The present application relates generally to an improved data processing apparatus and method and more specifically to mechanisms for providing biology based techniques for handling information security and privacy.
Correspondence between biological diseases and computer-based problems has been remarked upon for several decades. There has been much attention paid to computer viruses, which has spawned an entire field of “computer immunology”. For example, in his paper “Computer Immunology,” Proceedings of the Twelfth Systems Administration Conference (LISA '98), Dec. 6-11, 1998, Mark Burgess commented on the fragile nature of modern computer systems and their unreliability as well as the comparability of biological and social systems with computer systems such that, similar to such biological and social systems, computing systems need self-healing processes which eliminate or minimize the dependence on human involvement.
Stephanie Forrest, Steven Hofmeyr, and Anil Somayaji described, in their paper entitled “Computer Immunology,” Department of Computer Science, University of New Mexico, Mar. 21, 1996, the correspondence between biological systems and computing systems and that this correspondence is a compelling reason to consider for improving computer security.

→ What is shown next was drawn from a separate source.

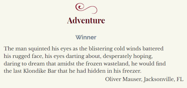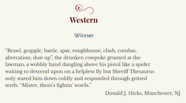 Two of the winners in the 2023 Bulwer-Lytton Fiction Contest! https://www.bulwer-lytton.com/2023

In another publication also entitled “Computer Immunology,” Department of Computer Science, University of New Mexico, Oct. 29, 2006, Stephanie Forrest and Catherine Beauchemin describe a body of work that constructs computational immune systems that behave analogously to the natural immune system. These artificial immune systems (AIS) simulate the behavior of a natural immune system and, in some cases, have been used to solve practical engineering problems, such as computer security.